So more money in public schools to be spent on....what exactly?

The real reason some kids are going to private/Catholic system is something called 'white flight' and was articulated by the ABC a few weeks ago. I took my own son out of the local public high school because it was full of swearing, rude, indifferent, disengaged students. How do I know this? Because I worked there for a term. When I saw that my son was learning in spite of his school environment and not because of his schooling, I quickly removed him and sent him to the Catholic school. His learning was no longer constantly interrupted by behaviour management and he flourished.

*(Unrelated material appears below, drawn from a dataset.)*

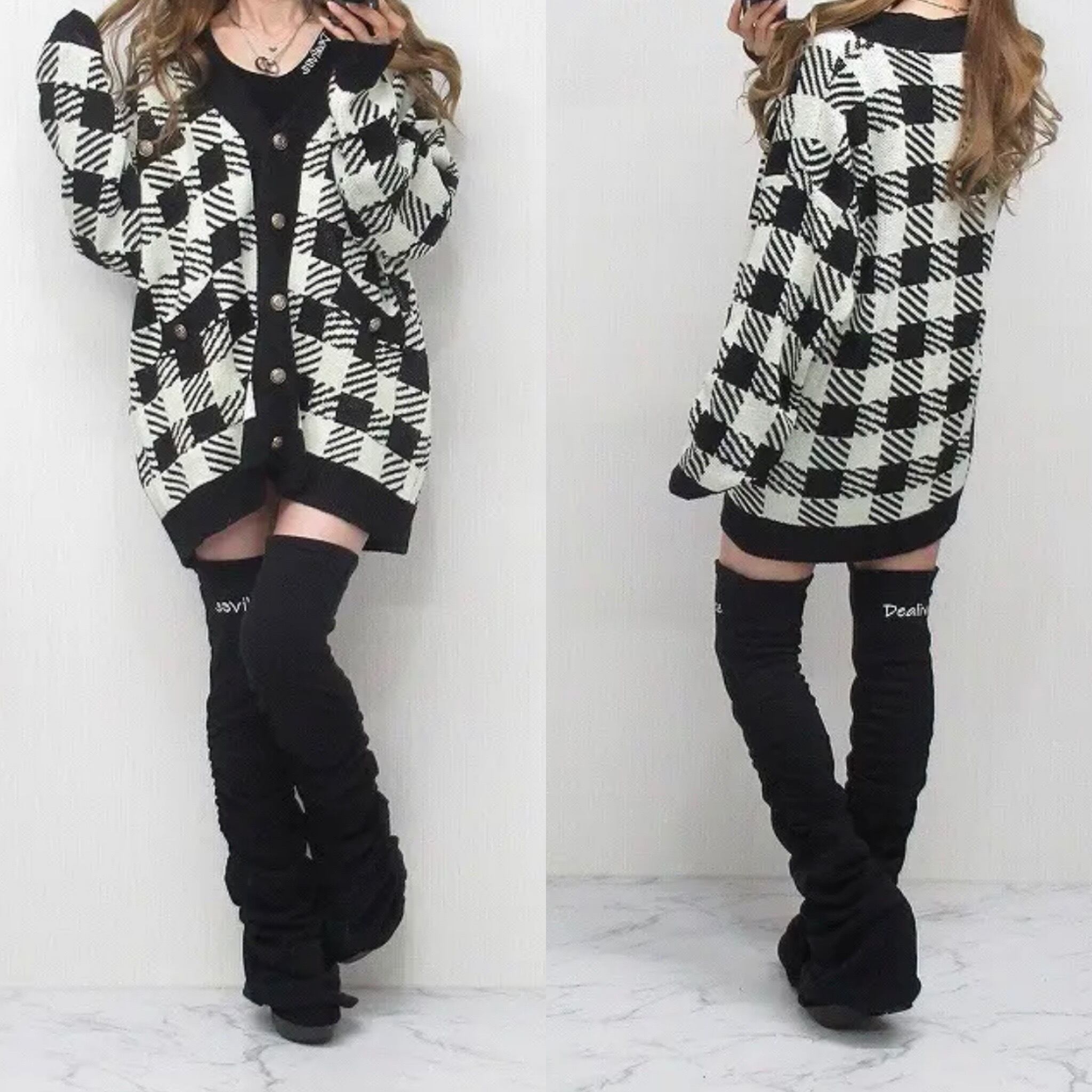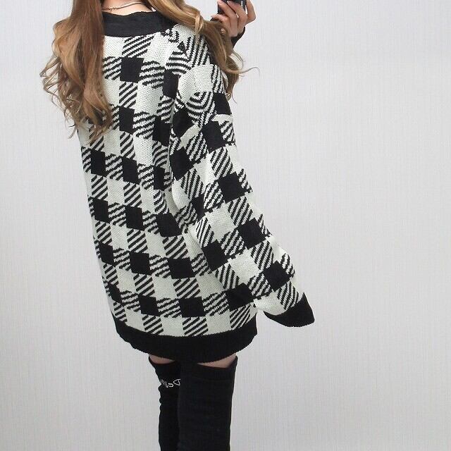 ブロックチェック柄 ジャガード 彫刻ボタン ざっくりニット カーディガン ブラック

People choose paid education to avoid scenarios like mine. Call it 'white flight' or call it good parenting. My son's public high school was funded to the eyeballs, had laptops, brand new science block, small class sizes, SSO's in every room, interactive white boards in every room and air conditioning. It made no difference.


Florence 9 years ago

There is absolutely no correlation between who owns the school and the educational outcomes of the students. Socio economic status is the biggest contributor to a child's success. If private schools were done away with, all students would benefit enormously. I went to a very elite private school on a scholarship, and I can say that it made not a shred of difference to my future achievements. My parents scrimped and saved to send me there, and really, I would have done just as well at the local public. Why people think public money should fund their elitist decision to send their child to a private school to avoid mixing with the great unwashed is beyond me.

Kate B 9 years ago

Because they want their kids to learn - and not have their learning interrupted by students who swear, throw chairs, rip up worksheets, break their laptops, damage teachers and peers' personal belongings and are unimaginably rude to teaching staff - including being physically violent. That is why. And that is not an isolated case. I saw this happen every single day at the local public high school where I taught English.

Florence 9 years ago

That is your choice - to send your child to a private school. However, public money should NOT be subsidising another's choice to send their child to a private school. That is like buying a house, and then expecting the government to help pay it off! And in response to what you said about classroom disruption - yes the class may occasionally be disrupted. But your child may learn something else; that not everyone is as fortunate as they are, and they may even develop a little compassion.

washed 9 years ago

Its not about mixing with the "great unwashed" (that says more about you and your opinions i think...) but that the school CAN EXPEL KIDS. 99% of the time its poor parenting that produces unsettled kids, which in turn leads to poorly disaplined and continuously disruptive children in the classroom.
This is absolutely not fair on the kids who are being failed by their parents- I agree its not their fault. But its not my sons either. We play with your "great unwashed" after school and on the weekends, majority of our friends fall in to this catagory, but we take education very seriously during school hours.

Kate B 9 years ago

'occasionally disrupted'? Try every lesson. Why should my son's education suffer at the hands of rabble? I will teach my sons about compassion from home. I send them to school to learn - not to have to doge missiles in the room or listen to vile swearing at staff who are struggling to do their job.